* [Directions]
In the copy, include no images, and repeat each entry precisely as written.
*** Begin section ***
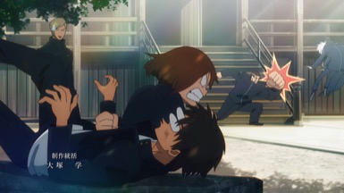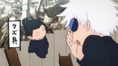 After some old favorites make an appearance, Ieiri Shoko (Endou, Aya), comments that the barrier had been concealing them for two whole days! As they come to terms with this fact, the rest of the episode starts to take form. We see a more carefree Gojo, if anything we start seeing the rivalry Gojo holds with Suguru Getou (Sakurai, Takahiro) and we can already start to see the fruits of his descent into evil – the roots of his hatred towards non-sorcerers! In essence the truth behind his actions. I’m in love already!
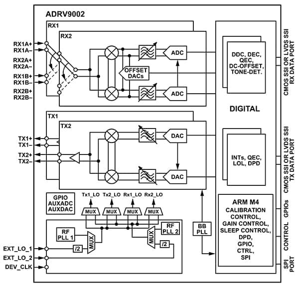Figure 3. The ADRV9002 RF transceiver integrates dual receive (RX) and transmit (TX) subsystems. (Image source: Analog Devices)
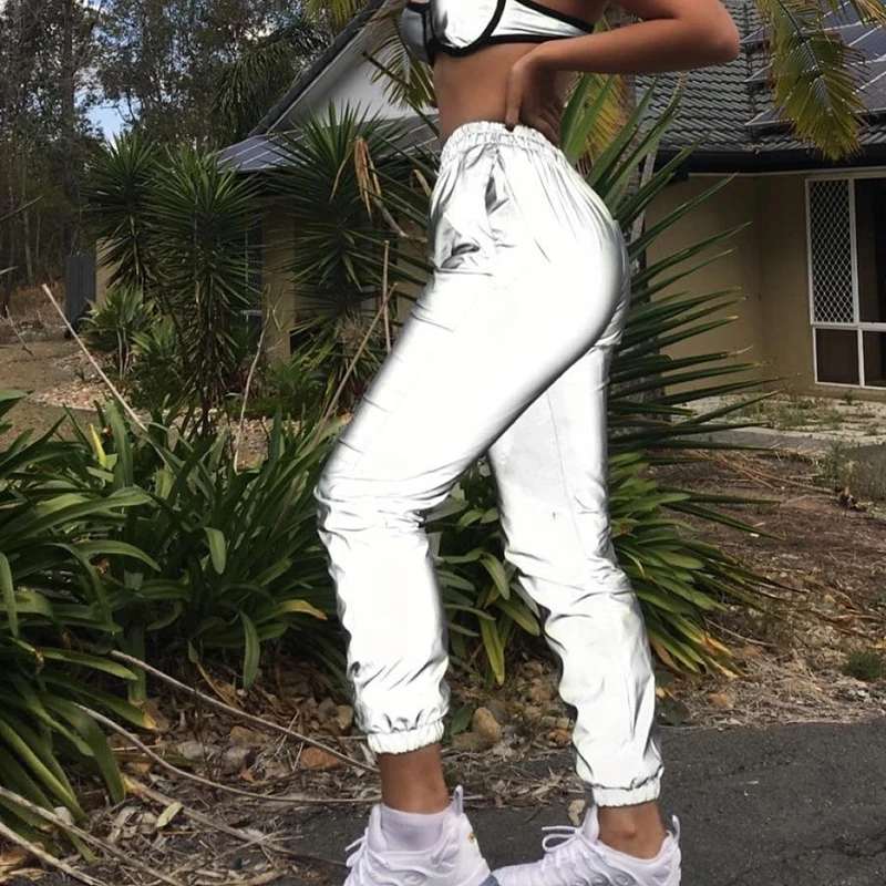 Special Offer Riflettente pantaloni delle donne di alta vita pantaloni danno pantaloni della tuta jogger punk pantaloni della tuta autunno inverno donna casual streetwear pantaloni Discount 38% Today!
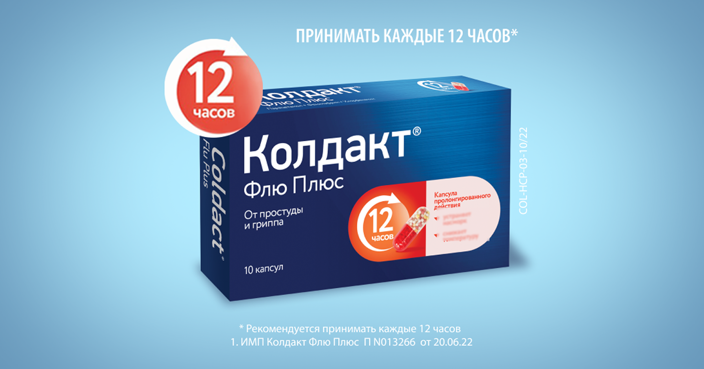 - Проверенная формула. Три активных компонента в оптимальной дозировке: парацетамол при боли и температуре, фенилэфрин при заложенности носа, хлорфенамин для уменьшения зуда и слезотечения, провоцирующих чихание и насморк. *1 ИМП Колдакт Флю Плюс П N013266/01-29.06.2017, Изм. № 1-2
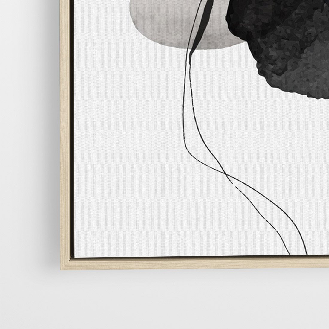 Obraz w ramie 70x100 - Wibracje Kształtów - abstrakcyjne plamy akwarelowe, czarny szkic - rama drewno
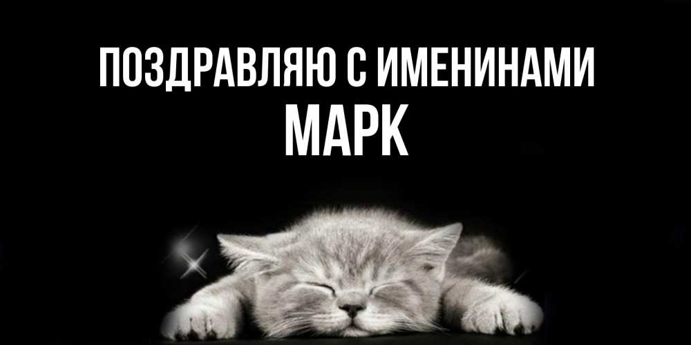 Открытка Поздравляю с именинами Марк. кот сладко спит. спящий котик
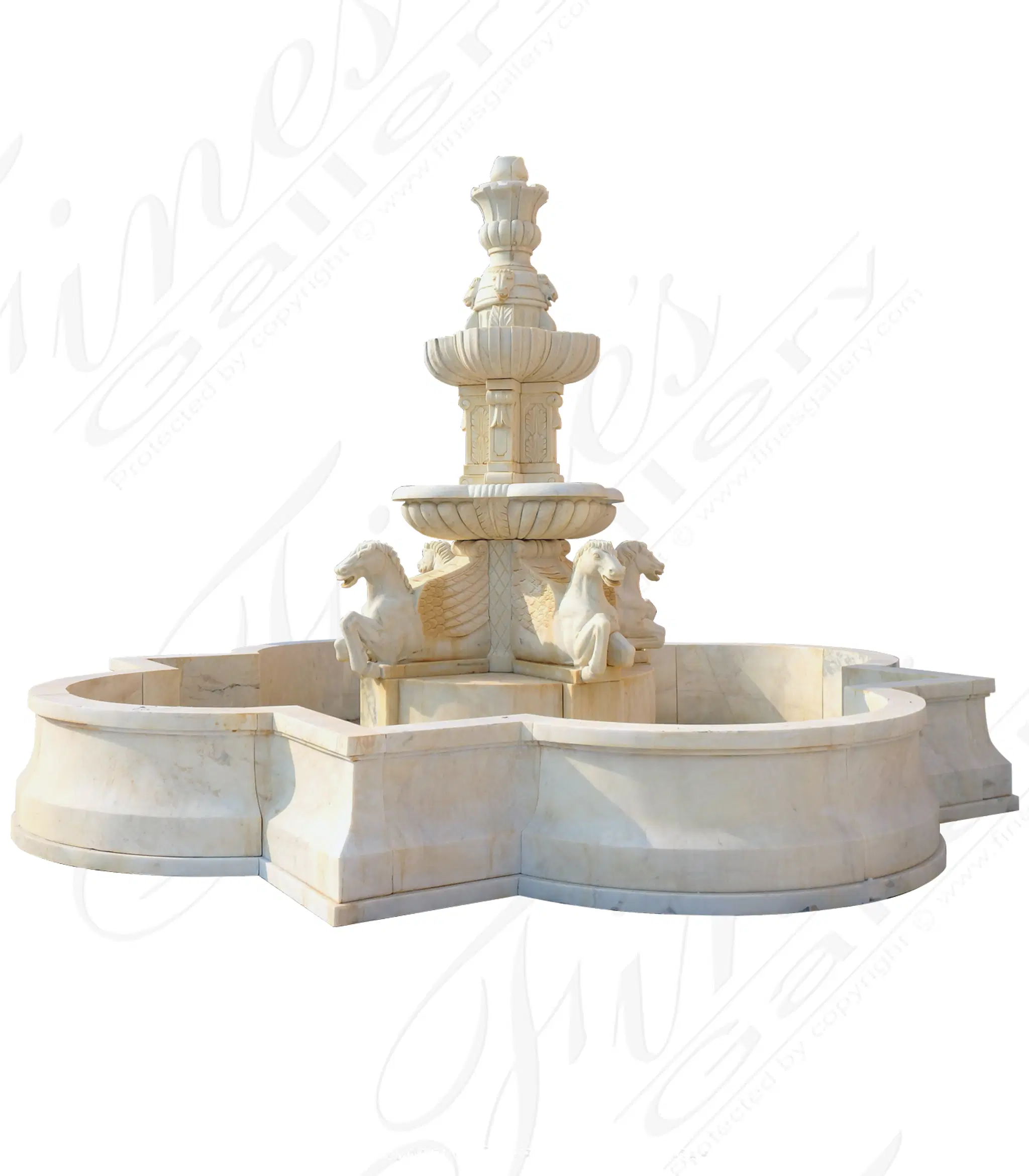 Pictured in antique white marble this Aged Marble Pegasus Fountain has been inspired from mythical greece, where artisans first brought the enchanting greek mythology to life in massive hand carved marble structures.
*** End section ***
* [Response to the task]
 After some old favorites make an appearance, Ieiri Shoko (Endou, Aya), comments that the barrier had been concealing them for two whole days! As they come to terms with this fact, the rest of the episode starts to take form. We see a more carefree Gojo, if anything we start seeing the rivalry Gojo holds with Suguru Getou (Sakurai, Takahiro) and we can already start to see the fruits of his descent into evil – the roots of his hatred towards non-sorcerers! In essence the truth behind his actions. I’m in love already!
Figure 3. The ADRV9002 RF transceiver integrates dual receive (RX) and transmit (TX) subsystems. (Image source: Analog Devices)
 Special Offer Riflettente pantaloni delle donne di alta vita pantaloni danno pantaloni della tuta jogger punk pantaloni della tuta autunno inverno donna casual streetwear pantaloni Discount 38% Today!
 - Проверенная формула. Три активных компонента в оптимальной дозировке: парацетамол при боли и температуре, фенилэфрин при заложенности носа, хлорфенамин для уменьшения зуда и слезотечения, провоцирующих чихание и насморк. *1 ИМП Колдакт Флю Плюс П N013266/01-29.06.2017, Изм. № 1-2
 Obraz w ramie 70x100 - Wibracje Kształtów - abstrakcyjne plamy akwarelowe, czarny szkic - rama drewno
 Открытка Поздравляю с именинами Марк. кот сладко спит. спящий котик
 Pictured in antique white marble this Aged Marble Pegasus Fountain has been inspired from mythical greece, where artisans first brought the enchanting greek mythology to life in massive hand carved marble structures.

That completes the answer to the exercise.